The American Expeditionary Force (AEF) relied on additional combat training from the more experienced British and French armies before troops were committed to combat. The AEF General Headquarters (GHQ) established a collaborative training plan with British and French commands for newly arrived American divisions. The three-phase, 90-day process was designed to reinforce basic soldier skills, acclimate units to combat conditions, and prepare American divisions for replacing worn out Allied units at the front. The first phase included training on new weapons systems (37mm gun, mortars, machine guns, etc.) and additional time for individual marksmanship.
The 4th Division’s 7th Brigade (consisting of the 39th and 47th Infantry Regiments) was attached to the 4th French Division on 14 June 1918, to complete training, including the long-delayed rifle marksmanship training for the 39th Infantry Regiment. Bach remembered, “These men had heard the thunder of the guns at the front but had never fired a rifle.” The men also handled live grenades for the first time. The 4th Division moved into the line on 14 July.
Graduation Day Review Next Stop: The Western Front |
After this additional specialized training, American units then went into the line with British and French units to acclimate them to combat conditions. New regiments and companies, under veteran Anglo-French supervision, rotated in and out of active frontline positions on ten-day tours during the second month. American troops defended against and conducted trench raids, familiarizing the men with combat conditions. By August 1918, the AEF was almost completely reliant on the Allies for this training. Many units did not have the opportunity to train for the full 90 days, because calls for immediate reinforcements from Allied commanders sent inexperienced and unprepared units into frontline positions against an experienced and determined enemy.

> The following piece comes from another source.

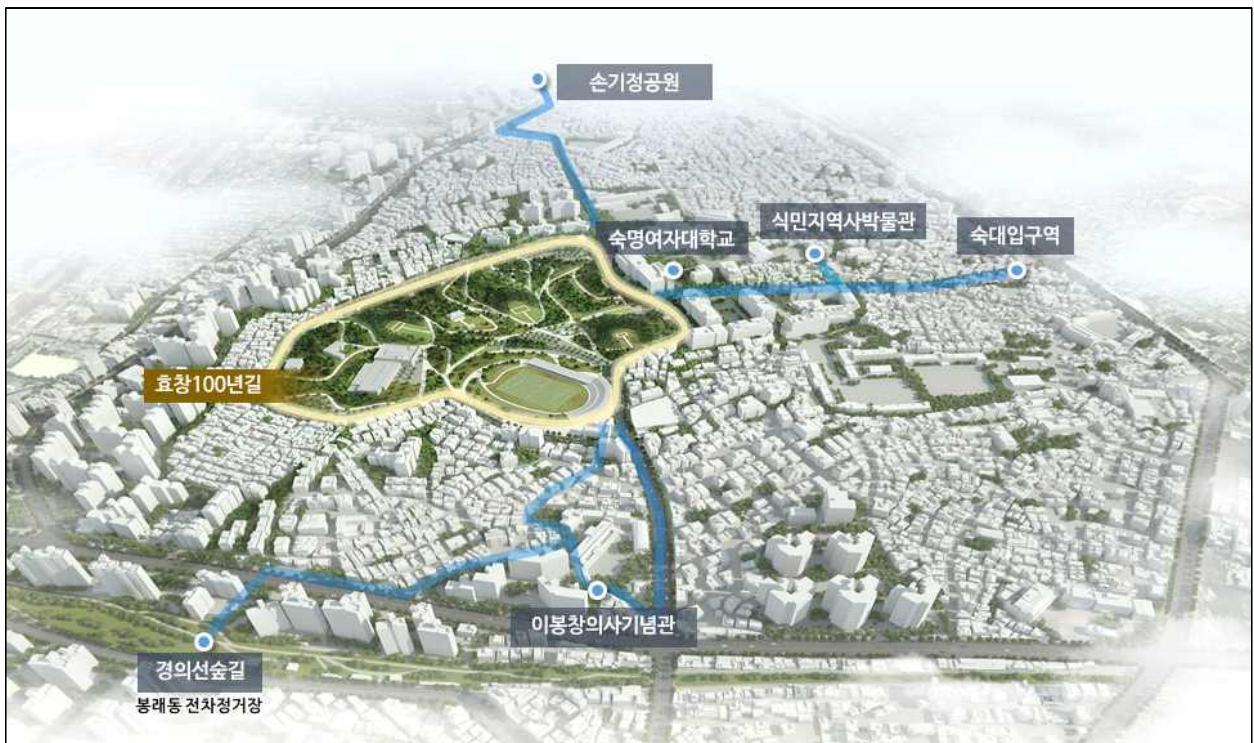
〈효창독립 100년공원 기본구상(안)〉
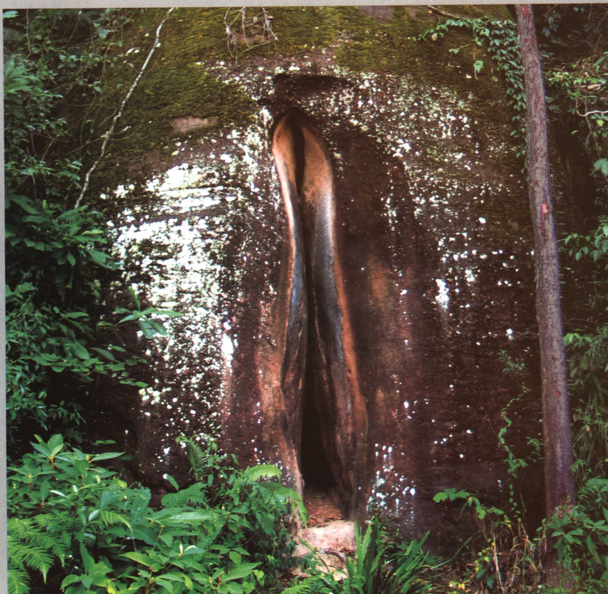
世界地质公园——广东韶关丹霞山少阴石

The result was more than 300,000 casualties in 11 months of fighting.
Source: "Learning the Lessons of Lethality: The Army's Cycle of Basic Combat Training, 1918-2019," U.S. Army War College
My grandfather (32nd Div, PVT infantry) said little about his training in the US, consolidated in Camp MaCarther, Texas before transport. He arrived in France in Mar 1918 and by his words was put to "hard labor". References to 32nd Div history stated has likely put to building warehouses and railroads to ultimately support subsequent supply/materiel and troops to the front afterwords. 32nd Div performed admirably during the War. Gramps survived, but was permanently disabled during the Oise-Aisne offensive. More to his story, but this is enough.
ReplyDeleteShortcomings in AEF training are greatly detailed in Richard S. Faulkner's "School of Hard Knocks: Combat Leadership in the American Expeditionary Forces" (Texas A&M University Press, 2012). The book probably could have been shortened, but it leaves no doubt that there were serious deficiencies across the board.
ReplyDeleteTwo anecdotes from the literature of the AEF stick with me. An American officer jumps into a shell crater where several Doughboys were sheltering. Seeing the Germans advancing, he shouted "Fix bayonets." One boy looks at his bayonet, then at the officer, and says, 'Mine's not broken, sir." Another American officer comes across a young Doughboy on a roadside, with his rifle across his knees, sobbing. "What's wrong, son?" "Two months ago, I was drafted from my farm. I was sent to NJ for training, but when I got there, they put us on a ship to France, to get our training over here. On arriving, I was immediately sent to the front. No one has taught me how to load and fire this rifle!"
ReplyDeleteThis explains a lot of the attitude behind my great-grandfather's few snarky comments about his time at Camp Bowie and then France. Thank you.